Une violence délimitée

La dernière crainte concerne l’incitation à la violence. Tout comme le cinéma, les jeux vidéo se déclinent en différents genres. Mais certains jeux proposés (en particulier les jeux d’action pour le développement desquels les plus gros budgets sont souvent alloués) peuvent s’avérer très violents. Outre la violence, c’est surtout l’immoralité de certains jeux qui dérange. Par exemple, dans GTA San Andreas, dont les ventes en France en 2004 représentent 38 millions d’euros (deuxième meilleure vente de produits culturels de l’année derrière la trilogie Star Wars en DVD), le joueur est valorisé s’il arrive à commettre toutes sortes de crimes et délits sans se faire prendre par la police… Selon un article très récent(9), une exposition prolongée à des jeux vidéo violents (comme Carmageddon ou Duke Nukem) favoriserait un comportement agressif induit par une désensibilisation à la violence présente dans la vie réelle.
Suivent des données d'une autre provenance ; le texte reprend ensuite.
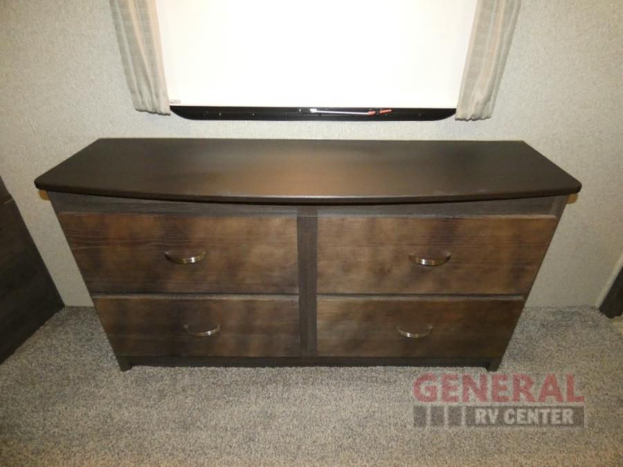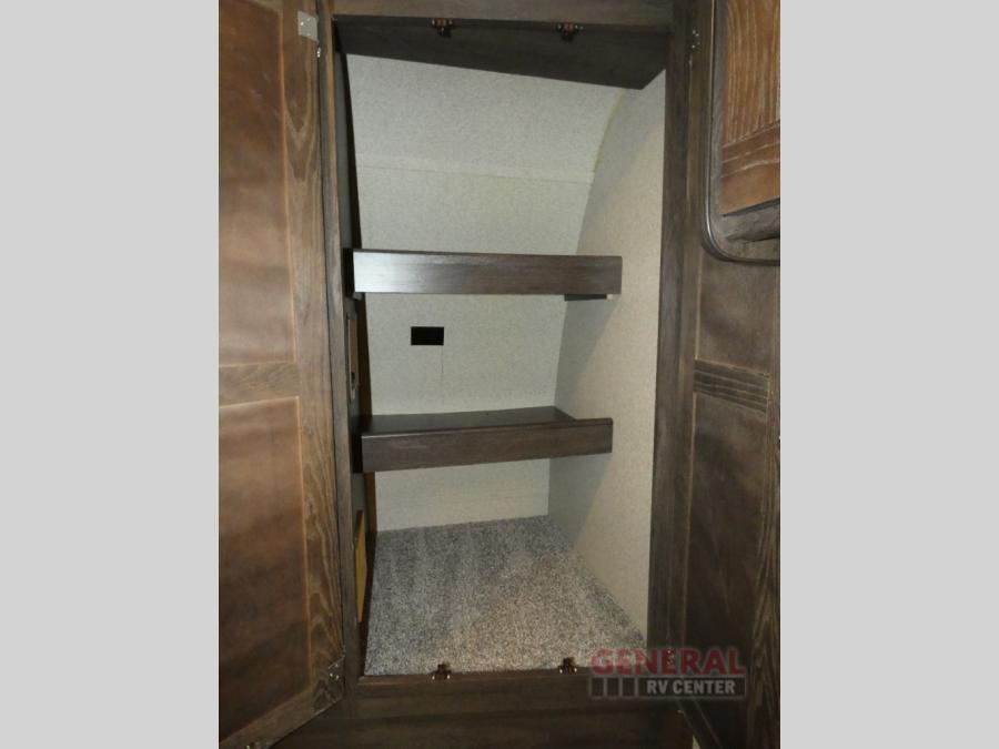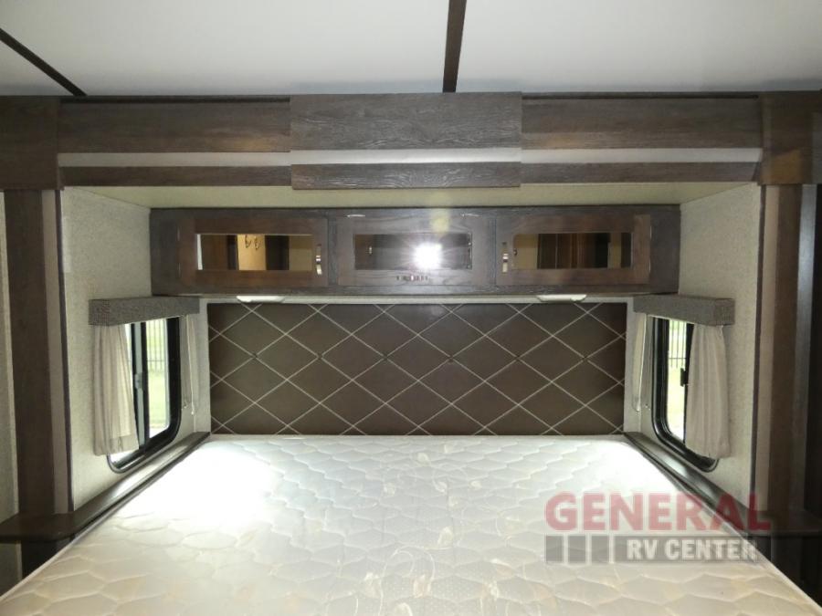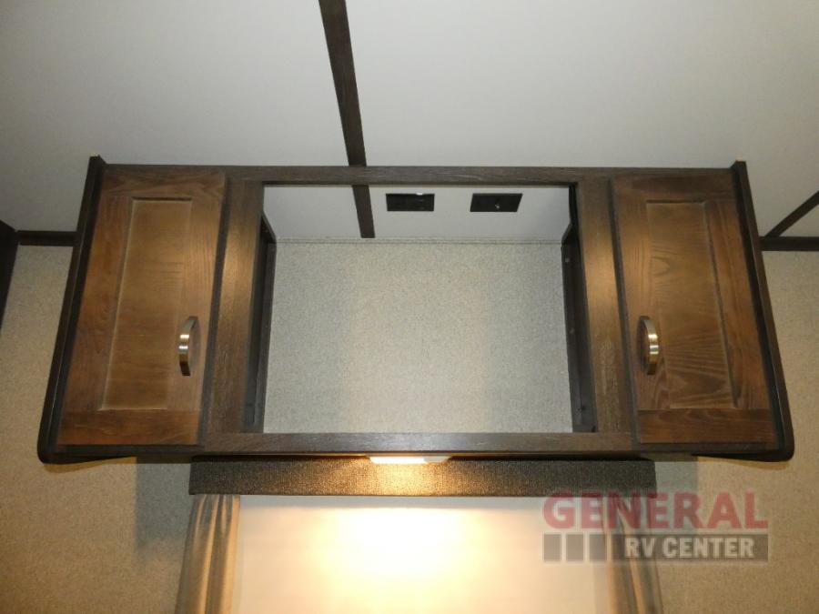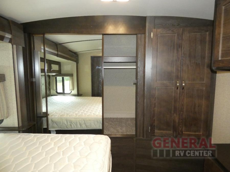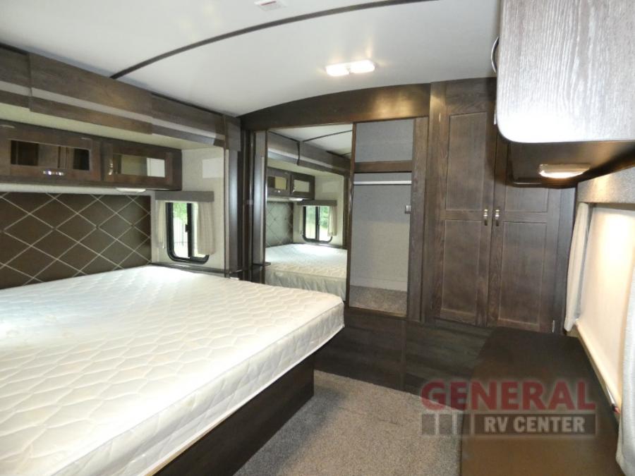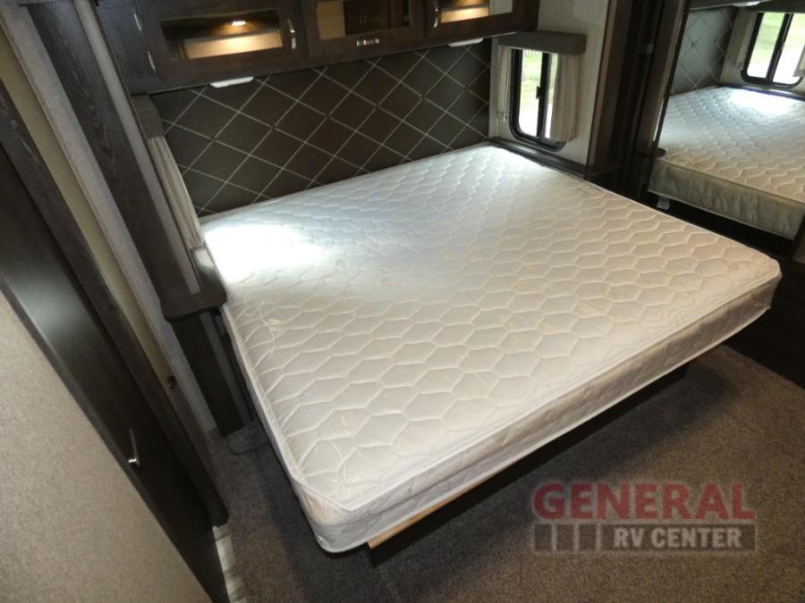 From the bathroom there is a sliding door which leads into the bedroom, or you can enter into the bedroom from the hallway. You will find a king bed slide out with overhead cabinets, storage, and a full width wardrobe.

Cependant, de nombreux jeux vidéo à succès ne sont heureusement pas violents. Quant aux autres, la majorité ne valorise pas une violence gratuite, qui serait une finalité en soi, mais la montre plutôt comme le moyen d’accomplir sa mission, de triompher du mal (on combat souvent des monstres à tendance psychopathique, kidnappeurs de princesses, et qui complotent pour détruire le monde). Mais cette violence-là n’est pas nouvelle, car avant le cinéma, la télévision ou les bandes dessinées, elle était déjà présente dans les romans et même les contes de fées. Enfin, il semble que ce soit davantage l’action que la violence qui de toute façon attire les enfants dans les jeux. La surenchère de la violence pourrait donc être interrompue, du moins peut-on le souhaiter.
Quoi qu’il en soit, les jeux vidéo présentent des avantages non négligeables. Ils peuvent être bénéfiques à tout âge et dans de nombreux domaines de la pensée. On a vu qu’ils pouvaient améliorer la coordination visuo-motrice, l’attention visuelle sélective, le traitement perceptif, ainsi que certaines composantes de la cognition spatiale, comme la rotation mentale. Plusieurs recherches ont également montré qu’ils pouvaient améliorer les réflexes et conduire à l’élaboration d’une meilleure stratégie face à la résolution d’un problème (stratégie analogique, plutôt qu’une résolution par essais-erreurs). La plupart des jeux requièrent un sens de l’observation et une attention accrus, un traitement en parallèle de plusieurs variables, une bonne mémoire, une planification de l’action, un raisonnement inductif permettant de progresser dans le jeu, et ainsi de suite. Si l’on ne néglige pas son confort visuel et sa fatigue, que l’on ne passe pas un temps trop long devant son écran et que l’on n’abuse pas des jeux violents, pourquoi se priver ? Chacun pourra alors saisir sans complexe sa manette et tester l’apport principal de ce fruit de la technologie : le divertissement.